All-Atom Multiscale Computational Modeling Of Viral Dynamics

Abstract

Viruses are composed of millions of atoms functioning on supra-nanometer length scales over timescales of milliseconds or greater. In contrast, individual atoms interact on scales of angstroms and femtoseconds. Thus they display dual microscopic/macroscopic characteristics involving processes that span across widely-separated time and length scales. To address this challenge, we introduced automatically generated collective modes and order parameters to capture viral large-scale low-frequency coherent motions. With an all-atom multiscale analysis (AMA) of the Liouville equation, a stochastic (Fokker-Planck or Smoluchowski) equation and equivalent Langevin equations are derived for the order parameters. They are shown to evolve on timescales much larger than the 10^(-14)-second timescale of fast atomistic vibrations and collisions. This justifies a novel multiscale Molecular Dynamics/Order Parameter eXtrapolation (MD/OPX) approach, which propagates viral atomistic and nanoscale dynamics simultaneously by solving the Langevin equations of order parameters implicitly without the need to construct thermal-average forces and friction/diffusion coefficients. In MD/OPX, a set of short replica MD runs with random atomic velocity initializations estimate the ensemble average rate of change in order parameters, extrapolation of which is then used to project the system over long time. The approach was implemented by using NAMD as the MD platform. Application of MD/OPX to cowpea chlorotic mottle virus (CCMV) capsid revealed that its swollen state undergoes significant energy-driven shrinkage in vacuum during 200ns simulation, while for the native state as solvated in a host medium at pH 7.0 and ionic strength I=0.2M, the N-terminal arms of capsid proteins are shown to be highly dynamic and their fast fluctuations trigger global expansion of the capsid.

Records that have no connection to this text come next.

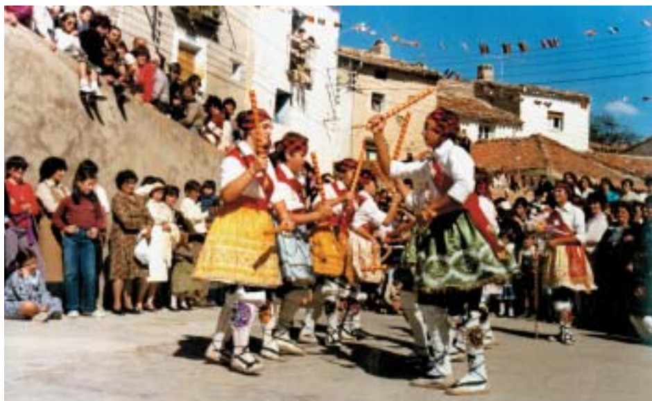
Añón de Moncayo. Paloteau de El Buste

Añón de Moncayo, El Buste, Grisel, Litago, Malón, Novallas, San Martín de la Virgen del Moncayo, Tarazona y Vera de Moncayo.
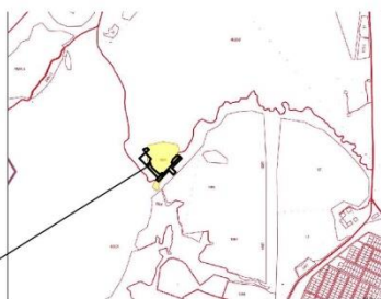
СХЕМА РАСПОЛОЖЕНИЯ ОБРАЗУЕМЫХ ЗЕМЕЛЬНЫХ УЧАСТКОВ НА КАДАСТРОВОЙ КАРТЕ

В соответствии с кадастровым планом территории на проектируемой территории имеется охранная зона нефтепровода сборного скв 16 - АГЗУ 378 (инв. №5813540) ПАО "АНК "Башнефть" (высостройный номер 0258-6-653). В соответствии с инженерно-геодезическими изысканиями, выполненными МУП ЧАУГ по Ишимбайскому району в 2022 году, данный нефтепровод отсутствует.
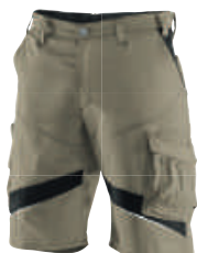
Sandbraun | Schwarz 2450 5365-2599 40-66

Viral structural transitions associated with both processes are symmetry-breaking involving local initiation and front propagation. MD/OPX accelerates MD for long-time simulation of viruses, as well as other large bionanosystems. By using universal inter-atomic force fields, it is generally applicable to all dynamical nanostructures and avoids the need of parameter recalibration with each new application. With our AMA method and MD/OPX, viral dynamics are predicted from laws of molecular physics via rigorous statistical mechanics.